O Estado de S. Paulo
Se ninguém enfrentar de verdade a questão da imigração, é provável que o estilo de Trump tenha vindo mesmo para ficar
Trump até pode perder a eleição, mas o populismo de direita veio para ficar
O grande estadista alemão Otto von Bismarck
tem a fama de ter dito que “Deus tem uma providência especial para os tolos, os
bêbados e os EUA”. Ele pode não ter dito isso de fato, mas a frase capta a
sensação que muitos em todo o mundo têm sobre a capacidade contínua dos EUA de
“surpreenderem pelo lado positivo”, nas palavras de um empresário amigo meu.

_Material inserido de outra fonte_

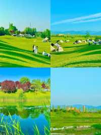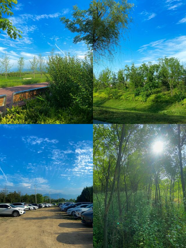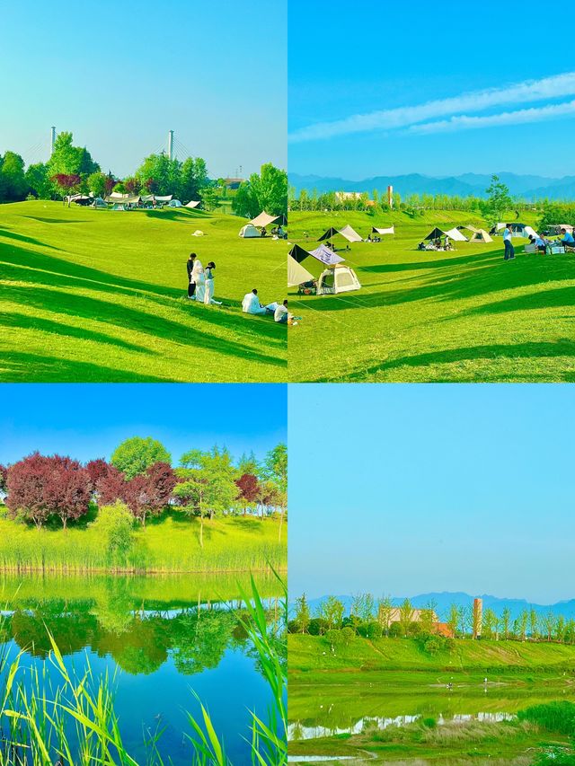 Hey guys, I recently discovered a hidden gem in Chang'an District, Xi'an - Fenghe Liangjiatan Wetland Park. It's absolutely amazing! And the best part is, it's free! Free! Free! If you want to visit, remember to search for "Chang'an District Liangjiatan Adi Village" on your GPS, and don't navigate to the parking lot. The parking lot is far from the park and is on the other side of the lake. If you accidentally navigate to the parking lot, don't worry, you can take a tuk-tuk directly to the park. As soon as you enter the park, you'll be greeted by a large expanse of lush green lawns, and the scenery is so beautiful that you'll be amazed! This environment is perfect for bringing your kids to play! You can camp in the park, but be aware that you can't set up canopies or tents. The staff will patrol regularly and ask you to take them down as soon as you set them up. The loudspeaker announces that pets are not allowed, but in reality, you can bring them. So, if you want to take your furry friends out for some fresh air, it's totally fine. Also, make sure to bring your own food, as there are no shops or snack stalls in the park. If you get tired and want to eat, the nearby Capital Outlets is a good choice, with a variety of specialty foods and stir-fried dishes. After leaving Adi Village, it's a 5-minute walk to the reservoir, where the roadside is filled with beautiful white flowers. You can set up tents by the reservoir, and there are more people, as well as stalls selling snacks and children's toys. However, the scenery here is not as good as inside the park, as it's just a reservoir. I think it would be especially comfortable to visit here in the summer after 4 or 5 pm. I'm already planning to visit again in the summer, so you should plan your trip too!

Mas ainda não está claro se o partido no governo, o Democrata, conseguirá se
beneficiar dessa boa sorte.
A mais recente evidência de sua “providência especial” é que os EUA parecem estar fazendo o impossível: derrubando a inflação rapidamente sem desencadear uma recessão profunda. Alan Blinder, ex-vice-presidente do Federal Reserve (o Banco Central americano), ressalta que, usando definições estritas, os EUA só conseguiram alcançar uma aterrissagem inegavelmente suave uma única vez nos últimos 60 anos.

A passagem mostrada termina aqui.